Author’s Biography: Dr. Magnus Bosse
Dr. Magnus Bosse is co-founder and Managing Director of Alphaluxe’s community portal Luxe178.com
Dr. Bosse is both a Molecular Biologist and Diplomat by training, and served many years in the United Nations system. Being more fond of substance than protocol, he left international relations eventually and now concentrates, professionally, on select topics in network biology of complex microbial communities in areas such as bio-mining and bio-remediation.
Having missed a train as a student and being forced to waste some time waiting for the next, he ventured out of the ordinary (train station building) and sampled a flea market right in front. He went back with a solid gold mechanical wristwatch purchased at the frivolous amount of 1€ (it lacked the crown, ok?), and the rest is history: Dr. Bosse is a noted writer on horological themes, with a clear focus on technologies and independent watchmakers. His work has been featured extensively on online watch collector’s fora such as PuristS.com, but also in print publications and newspapers globally. Most recently he published a book on the most complicated wristwatch in the world, a masterpiece known as the ‘Superbia Humanitatis’, created by Louis Élysée Piguet, Franck Muller and Paul Gerber.

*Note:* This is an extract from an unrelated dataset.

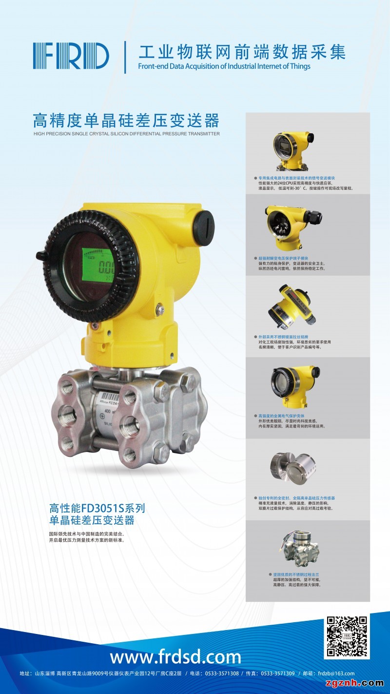 公司創(chuàng)建于2002年,擁有十多年壓力、差壓、溫度、流量等傳感器、變送器的設(shè)計、研發(fā)和生產(chǎn)制造經(jīng)驗,秉承技術(shù)創(chuàng)新和管理創(chuàng)新的精神,福瑞德潛心工藝技術(shù),以“準(zhǔn)確、專業(yè)、可靠”的生產(chǎn)理念,為顧客提供各種工業(yè)自動化現(xiàn)場儀表與監(jiān)測解決方案。產(chǎn)品覆蓋壓力變送器、差壓變送器、溫度儀表、流量計、物聯(lián)網(wǎng)末端采集與無線傳輸裝置,是廣大用戶可信賴的傳感器、變送器及工業(yè)自動化控制系統(tǒng)系統(tǒng)解決方案提供商。

All his in-depth knowledge about watchmaking and the namesake industry has not prevented him from exposing his masochistic soul, and thus he founded with a group of likeminded friends around noted theoretical physicist, business strategist and acclaimed photographer Ming Thein an independent watch brand MING, for which he serves as stakeholder and Director of Production (whatever ‘director’ means in a startup).